Closed Bug 731074 Opened 12 years ago Closed 11 years ago

console.log not working from a panel's script

Categories

(Add-on SDK Graveyard :: General, defect, P1)

x86_64
Windows 7
defect

Tracking

(Not tracked)

RESOLVED FIXED

People

(Reporter: KWierso, Assigned: zer0)

References

()

Details

Attachments

(2 files)

In the addon linked from this bug's URL, if you click the widget that the addon adds to the addon bar, a panel pops up. If you click the panel's "Log" button, the panel script should log a message to the console, then emit an event back to the main addon script, which logs it again.

As far as I can tell, only the message emitted back to the main addon script is getting logged.

In that panel's script, there's an alert(console.log), which tells me that the console object is defined, and that console.log is a function. It just doesn't seem to be getting logged to where it needs to.

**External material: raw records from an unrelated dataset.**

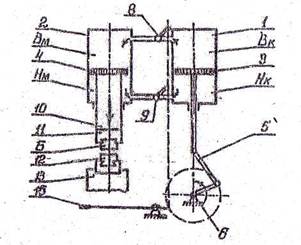 Рис. 3 В общем, литом корпусе молота, выполнены компрессорный I и рабочий молотовый 2 цилиндры. Поршень 3 компрессора, приводимый в движение посредством кривошипно-шатунного механизма 5 и клиноременной передачи от электродвигателя 6, производит засасывание и сжатие рабочего газа-воздуха попеременно в верхней Вк и нижней Нк полостях-цилиндрах. Компрессорные полости соединены каналами соответственно с верхней Вм и нижней Нм полостями молотового цилиндра 2 через управляемые краны-золотиики 8 и 9. Поступающий из компрессора сжатый (высокого давления) воздух попеременно оказывает давление на поршень 4 молота. Поршень 4 изготовлен монолитно со штоком 10 и бабой II, в нижней части которой посредством хвостовика формы ласточкиного хвоста и запорного клина закреплен верхний боек Б. Нижний боек 12 аналогично укреплен и подушке 13, установленной в гнезда массивного металлического основания – шаботе 14, опирающегося на независимый от станины молота фундамент. Вес шабота в 15-20 раз больше веса падающих частей молота. Управление молотом осуществляется посредством ножной педели 15 (или рукоятки), приводящей краны 8 и 9. Крановое воздухораспределение обеспечивает работу молота единичными или несколькими ударами, автоматически следующими друг за другом, а также позволяет удерживать бабу в верхнем положении неподвижно при работающем компрессоре. Число ударов бойка можно менять от 25 до 225 в минуту (в автоматическом режиме). Date: 2015-05-04; view: 673; Нарушение авторских прав |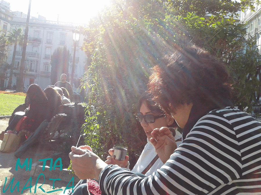 El pasado sábado tuve el gusto de conocer a Laura Serradilla en persona, ya que nos citó en "El Parterre" (un parque de Valencia) para que tejiéramos juntas nuestros "mandalas" para el proyecto y así poder poner cara a algunas de las personas que participamos.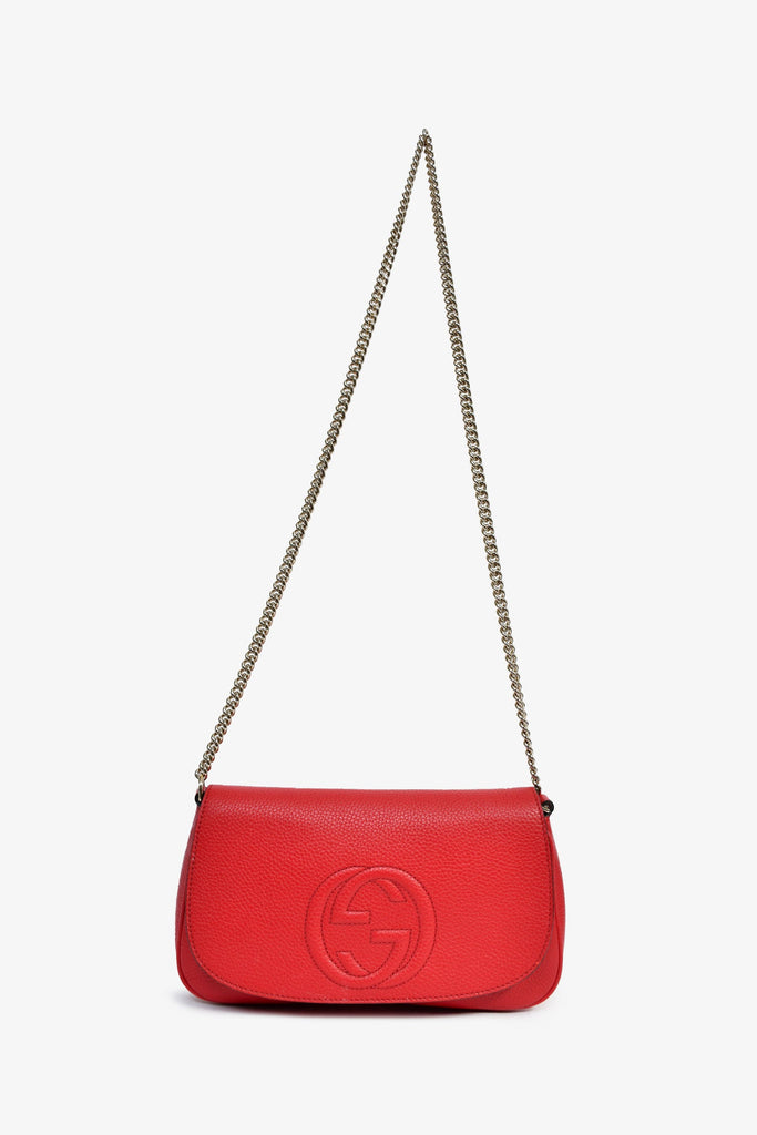 Gucci Red Grained Leather Soho Chained Shoulder Bag

Is the panel implementation eating the logged messages and not passing them on to the various consoles (web/error/terminal)?
(In reply to Wes Kocher (:KWierso) (Jetpack Bugmaster) from comment #0)
> Is the panel implementation eating the logged messages and not passing them
> on to the various consoles (web/error/terminal)?

In this version ( https://builder.addons.mozilla.org/addon/1042249/latest/ ), the addon opens the page in a new tab. If you install the addon and have the addon open the new tab, then open the web console (Ctrl-Shift-K for me here on Windows, not sure about other platforms), then click the tab's "Log" button, I see the message being logged to the web console, but not any of the other consoles.
We aren't overloading `console` object in UI documents. So that it is not "our" console API but the platform one. Unfortunatly, for all APIs but Tab/PageMod, so Panel, Page-Worker, we can't see these log message anywhere. 
The platform "console" object only works for documents in tabs where they can appear in the web console.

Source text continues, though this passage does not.